Björn Klauer fährt mit seinem Husky Schlitten durch den Schnee in Norwegen;

Cap vers le nord

Björn Klauer a voulu quitter l'Allemagne, et il est allé jusqu'au bout de son rêve. Il est parti pour le nord de la Norvège. Et il s'y est bâti une nouvelle vie faite de cabanes en bois et de chiens de traîneau.
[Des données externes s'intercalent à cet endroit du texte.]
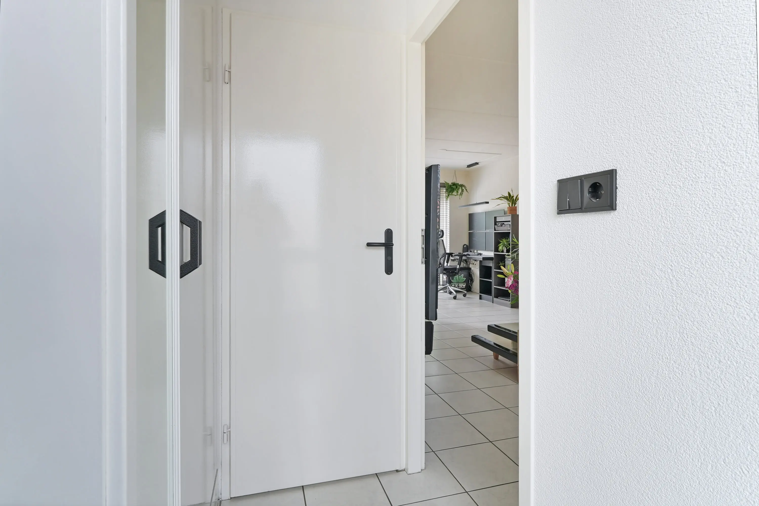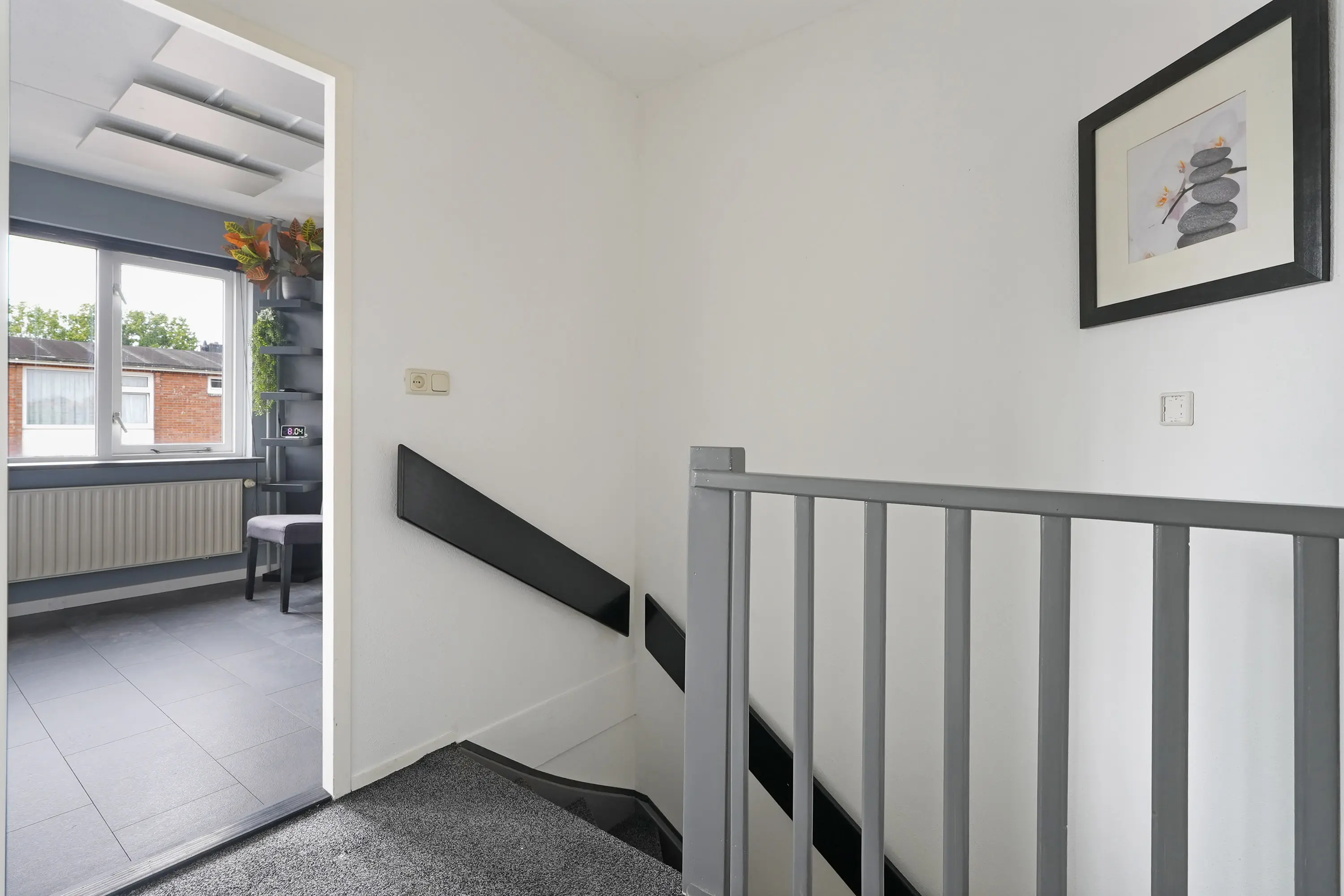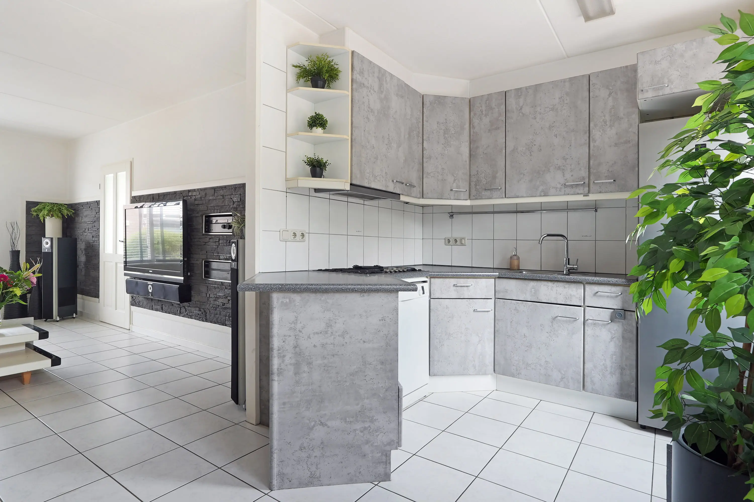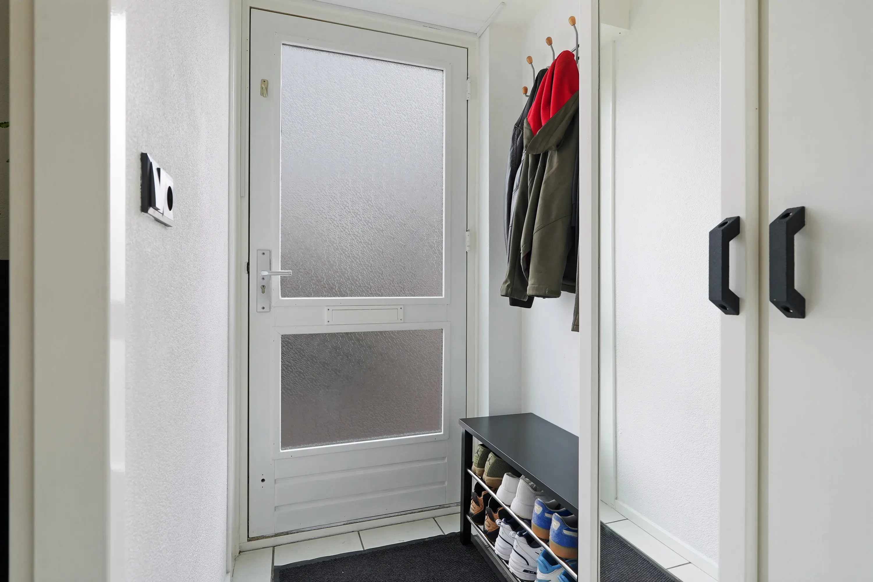 Binnenkomst in de hal met meterkast en toilet (met fonteintje). Vanuit de hal bereikt u de lichte eet- en woonkamer, praktisch ingedeeld en voorzien van veel daglicht dankzij de grote raampartijen. Aan de achterzijde vindt u een schuifpui én een loopdeur vanuit de keuken naar de tuin. De L-vormige keuken is uitgerust met diverse inbouwapparatuur.

Texte: Laslo Seyda | Photos: Frank Dietz

Si tu veux le rencontrer, il te faudra te rendre en Norvège, tout au bout du continent. Franchir le cercle polaire jusqu’aux portes de la toundra. Tu traverseras une piste bosselée du nom de «Route 847», puis une vallée profonde, jusqu’à une ouverture dans les hautes montagnes. Là, à Innset, un petit village au bord du petit lac de Veslvatnet, vit Björn Klauer.

Quand on entre dans sa ferme, l’air crépite. Des meutes de huskys jappent, tirent sur leurs chaînes, tournent en rond et bondissent. Björn, 1 m 95, barbe de trois jours, pull en laine, grosses bottes, passe une porte en bois qui tient de guingois.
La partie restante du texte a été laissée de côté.